Or is the main pain point the upgrade? If you can define and implement that once (e.g. with SQL Server Integration Services), maybe that's not really going to be a big issue after all?
Typically, chances are that you'll be creating a lot of reports of time, so there's a good chance it might be beneficial in the long run to invest a bit upfront in a separate reporting schema, and a data loading process (typically using SSIS) and then reap the benefit of having better performing reports and faster report creation time.
I think that the reporting database schema should be optimized for reporting - so you'll need a ETL Process to load your data. In my experience I was quickly at the point that the production schema does not fit my reporting needs.
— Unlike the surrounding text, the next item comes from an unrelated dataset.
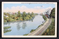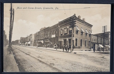 | Continued ... The early settlement was destitute of any means of public conveyance to, or from the place until the turnpike was built from Pittsburgh to Erie, which was completed in the summer of 1816. David Leech had the contract for building that portion extending through Mercer county. "Going to Georgetown or Mercer to take the stage," was as common a phrase as it is today "to take the cars" at one of our railroad stations. The place now began to be favored with a weekly mail, carried on foot from Mercer. A post office was now granted and Mr. Alexander P. Waugh appointed Postmaster under the administration of John Quincy Adams. The revenue of the office at this time reached $5 per quarter. The first newspaper seen in the place was the Pittsburgh Gazette; but a county paper was established at an early day in the history of the county and was taken by all the reading people of the county without regard to politics. The Western Press was established by Jacob Harrington in 1806; The Mercer Luminary in 1814 by J. Morehead; the Greenville Gazette, now the Shenango Valley Argus, in 1830, by Richard Hill; the Greenville Advance established in 1870 by W. H. H. Dumars. And, as this county exceeds any county in the State in the number of weekly papers, they might be enumerated in their order: The Mercer county Whig, (now Dispatch) in 1844, by J. B. Butter; the Sharon Herald, by W. H. Frey in 1860; the Sharon Times, by Geo. D. Herbert in 1865; the Sharpsville Advertiser, by Jonas Pierce in 1870; the Jamestown Sun, by D. L. Calkins in 1873; the Sandy lake News,by J. F. Johnston in 1874; making nine respectable weekly papers in the county. In the year 1836, the Erie Extension Canal was located and put under contract from New Castle to Erie. This enterprise noted an epoch in the history of Greenville that has not been equaled by any improvement since that time. Real estate doubled, tripled and quadrupled itself in a few weeks. In the spring of 1840, the first canal boat arrived here from Pittsburgh ladened with merchandise. The change was at once brought about - that of carrying freight by water instead of hauling by wagon, with no little grumbling on the part of teamsters, their calling gone, and not seeing the advantage of the public improvement. In 1842 the first trip was made through the entire length of the canal to Erie. Forty years have now passed away since this great work was begun, and today, it has passed away, and must be numbered amongst the things that were. The more modern improvement of locomotive power have taken its place. Another epoch in the history of Greenville, took place in 1844, by the iron business that was begun in that year. Two blast furnaces were built on the west side of the Shenango; the first one by a company of citizens of the place, headed by John A. Waugh; the second one by Himrod & Vincent, of Erie. The manufacture of pig iron by raw cool being a success, gave an impetus to the business that lasted until the coal became, in a measure, exhausted in the coal mines of the upper end of the valley. Greenville of today, presents a town of 3,500 inhabitants, with some 30 business blocks built of brick, with foundrys, machine shop, carriage and wagon manufacturies, planing mills, lumber mills and rolling mills - with graded streets, shaded avenues, handsome private residences, unequaled by any town of its numbers in the State. In well finished churches and elegant public buildings, of which Thiel College stands permanently situated on an eminence in a beautiful oak grove, overlooking the town and country for miles in every direction. (Source: The Record-Argus, Sat., Nov. 14, 1874, pg. 5)

If you are starting your reporting project I would suggest that you design your reporting database for your reports needs.
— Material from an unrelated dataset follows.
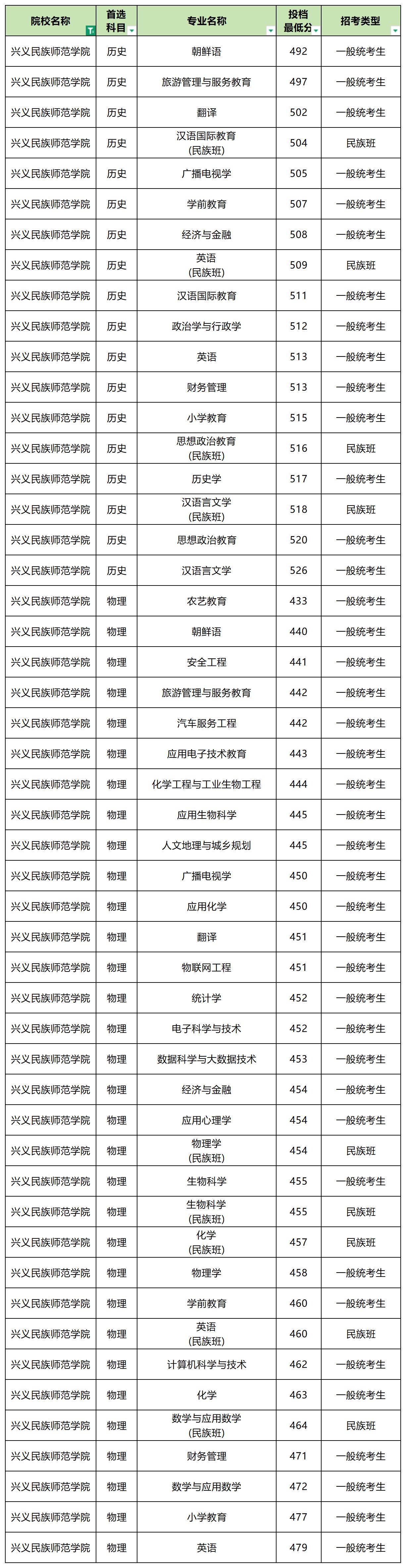2025年兴义民族师范学院最低分数线:

For serious reporting, usually you create data warehouse (Which is typically at least somewhat denormalized and certain types of calculations are done when the data is refreshed to save from averaging the values of 1.3 million records when you run the report. This is for the kind of reporting reporting that includes a lot of aggregate data.
If your reporting needs are not that great a replicated database might work. It may also depend on how up-to-date you need the data to be as data warehouses are typically updated once or twice a day so the reporting data is often one day behind, OK for monthly and quarterly reports not so good to see how many widgits have been ordered so far today.
The determinate of whether you need a data warehouse tends to be how long it would take to runthe reports they need. This is why datawarehouse pre-aggregate data on loading it. IF your reoports are running fine and you just want to get the worokload away from the input workload a replicated adatabase should do the trick. If you are trying to do math on all the records for the last ten years, you need a data warehouse.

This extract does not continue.